Я всегда думаю об этих выездных визах. Если бы бабушка немного подождала… История ее самоубийства научила меня терпению. У меня нет сомнений, что как бы плохо мне снова ни стало, я пробьюсь. Но я бы не был тем, каков я сегодня, если бы не почерпнул мудрости из своего опыта, который заставил меня отбросить всяческое самолюбование».
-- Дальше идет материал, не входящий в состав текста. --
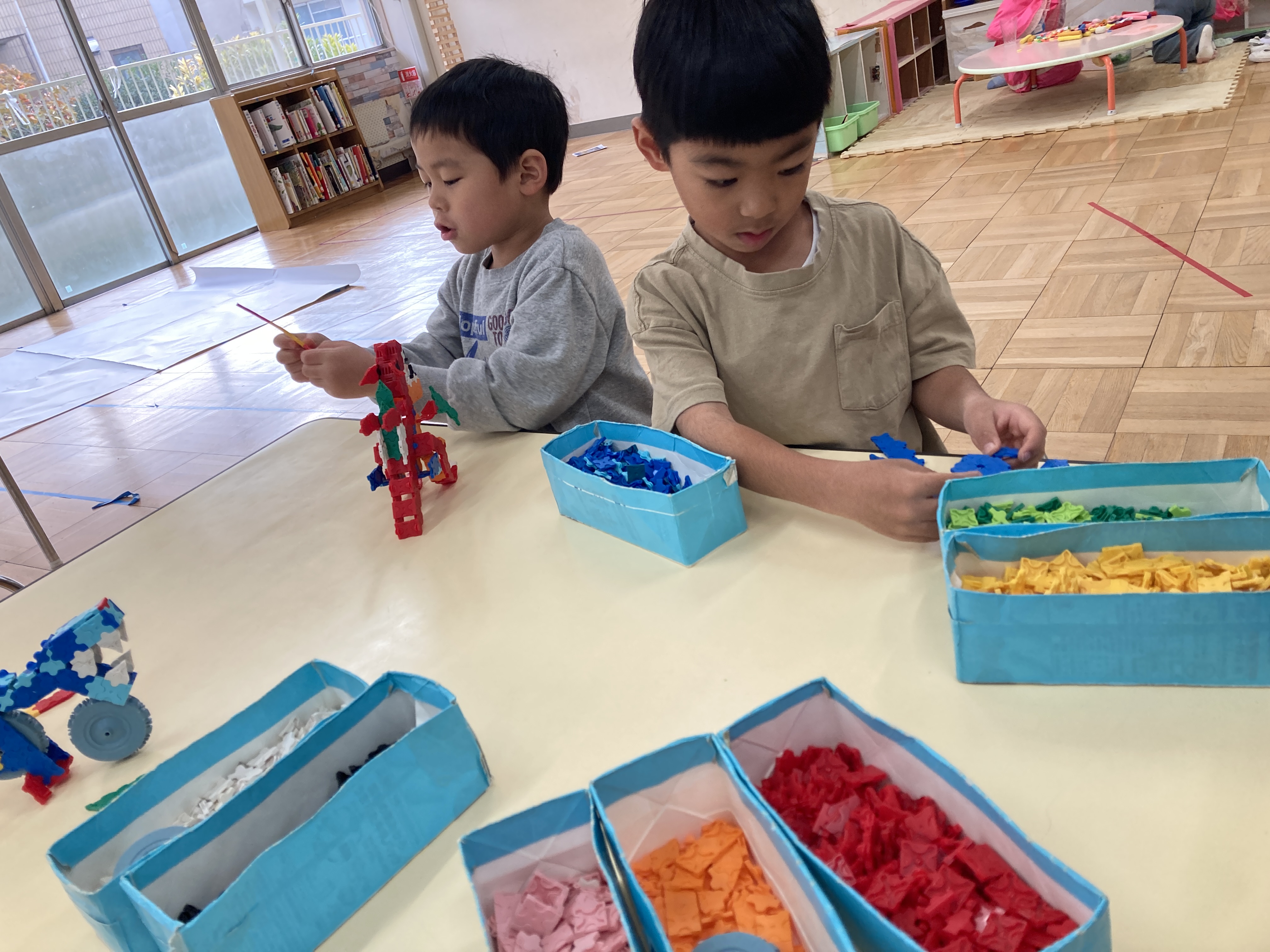 作る時は真剣に作り、遊ぶときは笑顔いっぱいの子どもたちです。

История Билла Стайна произвела на меня сильное впечатление. После знакомства с ним я тоже часто думал об этих выездных визах: о той, что так и не была использована, и о той, что была. Моя первая депрессия потребовала от меня мужества. За ней последовал краткий период относительного спокойствия. Когда я начал испытывать тревогу и впадать в депрессию во второй раз (а я был все еще в тени первого срыва и не знал, куда завели меня мои игры со СПИДом), я уже осознавал, что происходит. Меня одолевала необходимость сделать паузу. Сама жизнь казалась настораживающе требовательной — очень уж много нужно было ей от моего Я. Было очень трудно помнить, и думать, и выражать, и понимать — все, что необходимо для общения. Кроме того, при этом надо сохранять оживленный вид — это уж и вовсе оскорбительно. Словно пытаешься готовить обед, кататься на роликах, петь и печатать на машинке одновременно… Русский поэт Даниил Хармс когда-то описывал голод так:

…потом начинается слабость, потом начинается скука, потом наступает потеря быстрого разума силы, потом наступает спокойствие. А потом начинается ужас.